A shell composes. A menu does not.
There is a second thing the terminal gives the agent for free. It can chain commands. In one line it can run a pen command, take the output, filter it, and feed it into the next command, the way Unix tools have piped into each other for fifty years. Armin Ronacher, who built Flask, put the point sharply: an agent that already knows the shell can compose tools without stopping to think between every step, and MCP throws that away, because each MCP tool call is its own round trip through the model. The agent with a shell writes a tiny script and runs it once. The agent with MCP files a sequence of separate requests and waits for itself in between.

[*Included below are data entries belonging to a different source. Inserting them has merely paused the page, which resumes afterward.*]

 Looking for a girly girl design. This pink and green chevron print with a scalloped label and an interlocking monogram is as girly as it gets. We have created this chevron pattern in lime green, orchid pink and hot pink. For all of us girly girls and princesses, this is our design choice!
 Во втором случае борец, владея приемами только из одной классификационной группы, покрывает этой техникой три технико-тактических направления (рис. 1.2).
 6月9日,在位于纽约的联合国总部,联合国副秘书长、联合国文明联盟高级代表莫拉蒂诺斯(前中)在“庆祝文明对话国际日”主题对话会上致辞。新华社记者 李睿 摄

The one time MCP won, and why it does not count for me
I want to be fair to the other side, because there is a real benchmark where MCP beat the command line. Zechner ran the same tasks both ways inside Claude Code, and MCP came out faster and far cheaper. But when he looked at why, the cause was not the protocol. Claude Code screens every shell command the model runs, checking it for anything dangerous before it executes. That screening, paid on every single command, was the cost. The MCP calls skipped the screen, so they skipped the bill.

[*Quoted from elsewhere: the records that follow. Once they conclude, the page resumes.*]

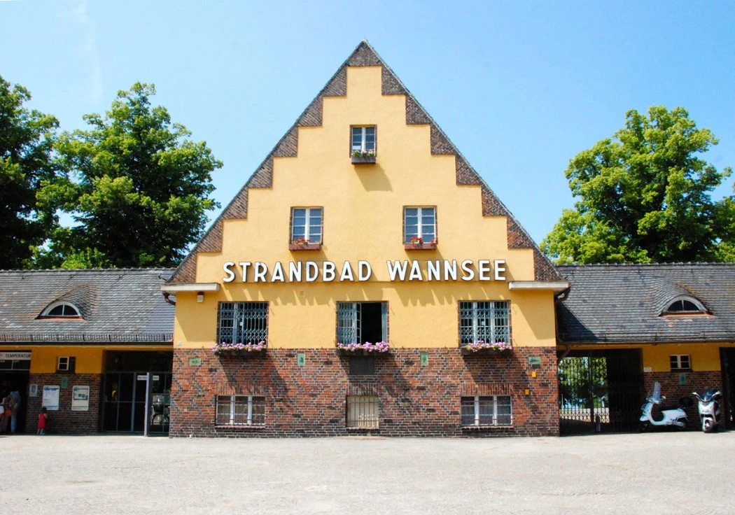 On peut y apercevoir la Haus der Wansee-Konferenz, un lieu symbolique dans l’histoire de la Deuxième Guerre mondiale puisque c’est à cet endroit, en 1942, que fut décidé le sort de la population juive en Allemagne nazie. Pourtant, la plage qui la borde était considérée comme un endroit de villégiature et de liberté pour les Allemand.e.s de l’époque.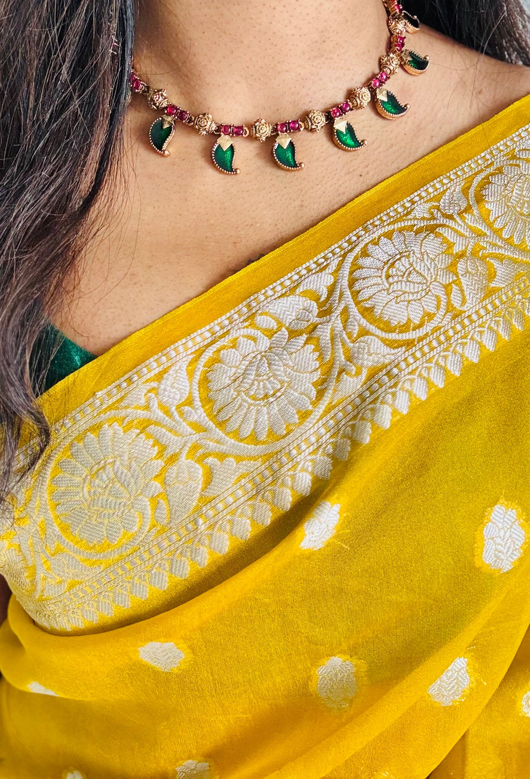 Green mango palakka neckpiece, with earrings.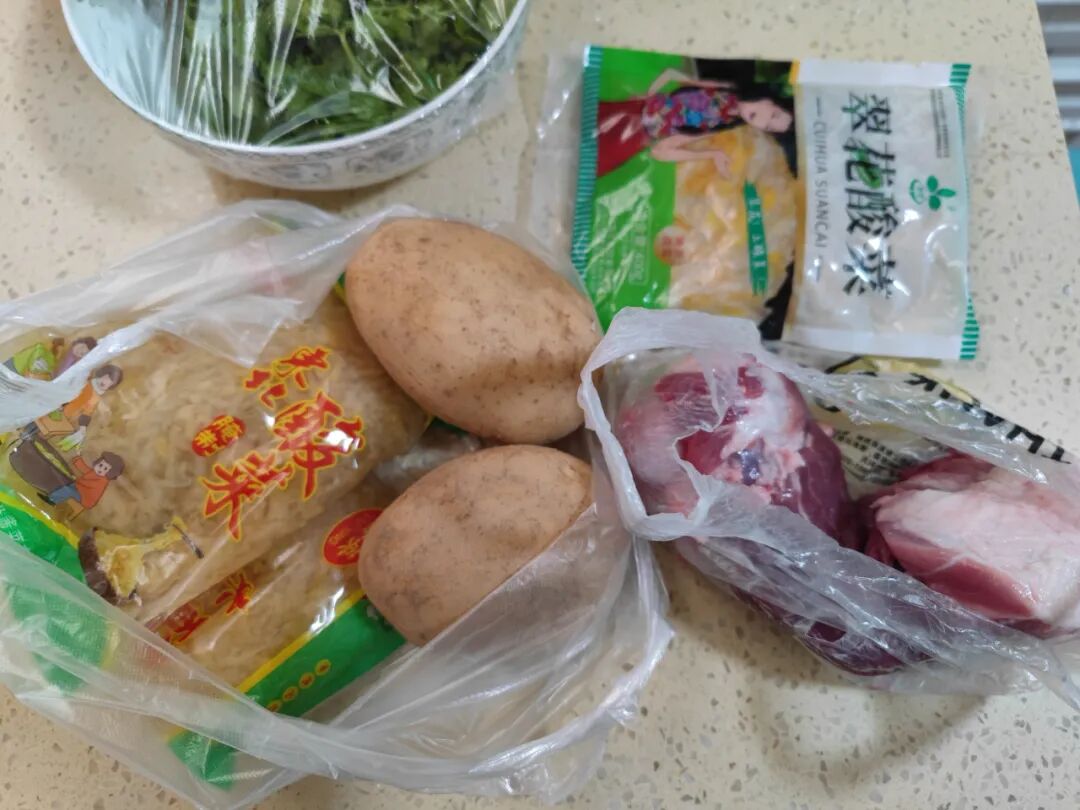下楼去买了一根肉骨头,三袋酸菜,两个土豆。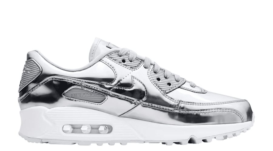 High shine. Classic shape. The women’s Nike Air Max 90 “Metallic Pack – Chrome” brings a bold edge to a timeless runner. If you like your rotation with a bit of flash, this one ticks the box straight away.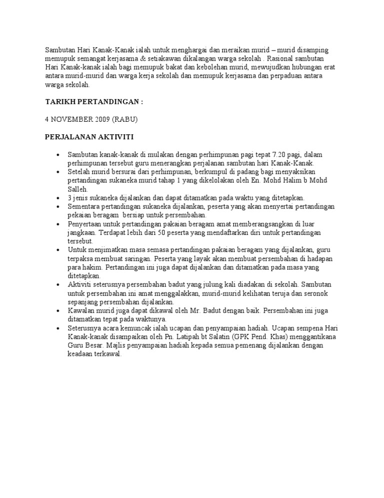 Laporan Sambutan Hari Kanak Pdf

Penny runs that screen off. Her agent works inside a box I control, with command checking turned off on purpose, because I trust the box and I do not want to pay the latency. So the single case where MCP beat the command line is the case I had already disabled. With the screen off, the math swings back to the shell.
When I would reach for it
None of this means MCP is wrong. It means it solves a problem I do not have. MCP earns its keep the moment your client cannot open a shell. A hosted chat window, a coworker's laptop, a phone app, a sandbox with no terminal: none of those can run pen, and for them a small MCP server is exactly right. The protocol's real gift is reach. It lets one tool show up in Claude Desktop and Cursor and a dozen other apps without each of them knowing how your program works.
I have one consumer like that. Some of Penny's scheduled work runs inside n8n, the workflow engine she uses for anything that has to survive a restart, and an n8n step cannot open a terminal and type. So I gave it a door: a small web endpoint that takes a pen command as a list of arguments, checks it against the same allow-list the terminal uses, runs it, and hands back the result. That is the MCP-shaped problem in my stack, and I answered it with thirty lines I own instead of a protocol I would have to track. Simon Willison, who has spent a year writing about exactly this tradeoff, landed in the same place: give the capable agent a shell and a manual it reads on demand, and reach for the protocol only when the shell is not on the table.
If the day comes that I want pen living inside someone else's app, I will wrap it in MCP then. The command line stays the real thing. The wrapper would be a thin shim on top of it, built last, not first.
So the SDK stays in my package.json, installed, version 1.29.0, pointed at nothing. Not because the standard is bad. Because my agent already has a terminal, and a cook with a kitchen does not need the menu read to him before every meal.